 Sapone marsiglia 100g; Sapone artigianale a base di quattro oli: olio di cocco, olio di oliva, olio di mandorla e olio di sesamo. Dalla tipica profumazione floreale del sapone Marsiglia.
==
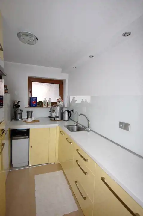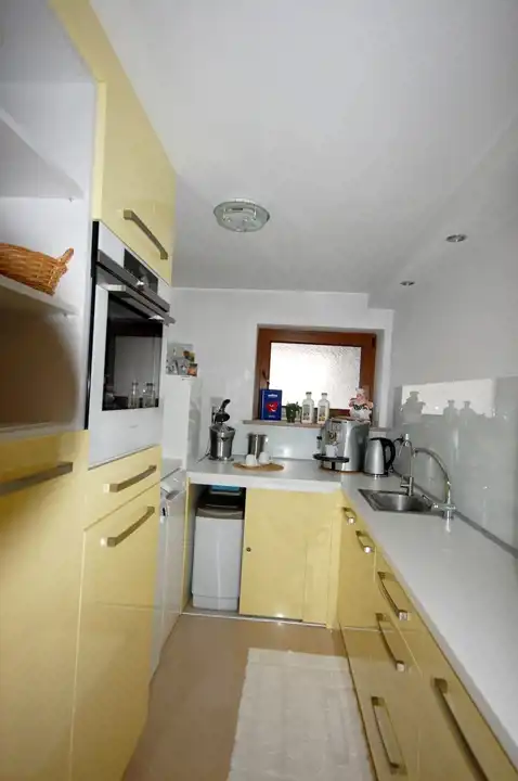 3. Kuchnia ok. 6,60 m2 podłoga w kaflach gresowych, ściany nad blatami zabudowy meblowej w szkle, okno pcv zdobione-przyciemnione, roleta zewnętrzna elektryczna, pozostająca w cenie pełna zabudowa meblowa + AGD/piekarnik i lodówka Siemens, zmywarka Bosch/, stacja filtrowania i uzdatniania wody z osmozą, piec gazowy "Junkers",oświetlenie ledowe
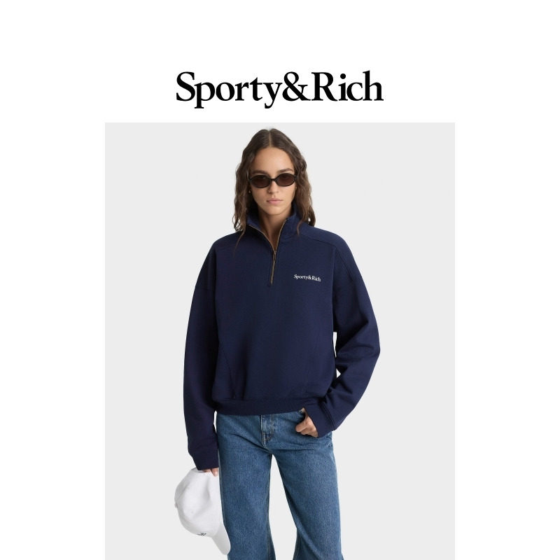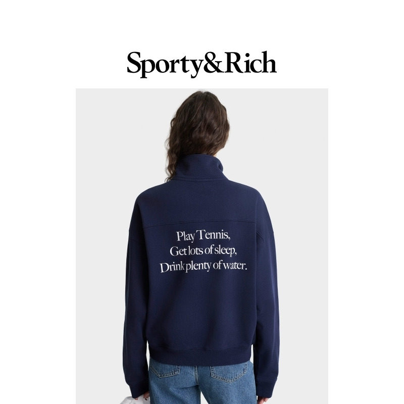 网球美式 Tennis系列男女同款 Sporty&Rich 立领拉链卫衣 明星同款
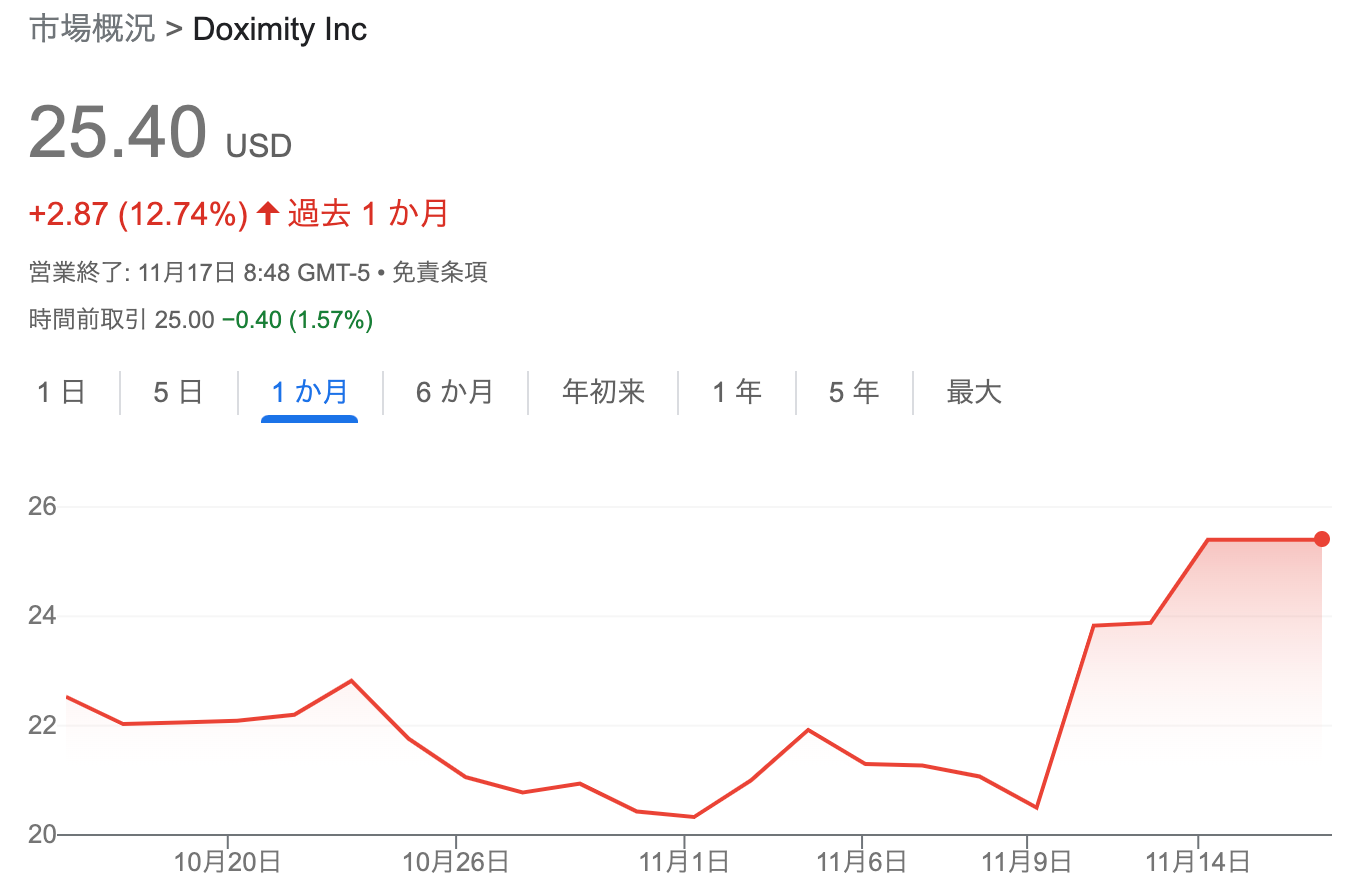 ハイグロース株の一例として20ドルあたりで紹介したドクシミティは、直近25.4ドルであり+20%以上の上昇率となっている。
* * *
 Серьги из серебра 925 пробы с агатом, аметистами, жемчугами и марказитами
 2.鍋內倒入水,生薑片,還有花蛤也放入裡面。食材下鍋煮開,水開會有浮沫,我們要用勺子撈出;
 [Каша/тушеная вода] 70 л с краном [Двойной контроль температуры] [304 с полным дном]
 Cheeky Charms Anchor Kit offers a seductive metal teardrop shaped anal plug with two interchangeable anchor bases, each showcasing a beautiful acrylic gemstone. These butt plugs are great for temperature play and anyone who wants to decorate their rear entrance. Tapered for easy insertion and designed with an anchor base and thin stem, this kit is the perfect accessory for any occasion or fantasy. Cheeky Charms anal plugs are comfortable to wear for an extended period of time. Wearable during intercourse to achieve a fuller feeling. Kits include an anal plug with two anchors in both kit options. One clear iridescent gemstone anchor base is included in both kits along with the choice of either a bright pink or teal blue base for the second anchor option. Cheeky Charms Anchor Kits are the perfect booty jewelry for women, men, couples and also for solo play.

## [Instructions to follow]
Look back over the material above and state how many lines hold the word "base". Write the number and nothing else.

## [Task solution]
2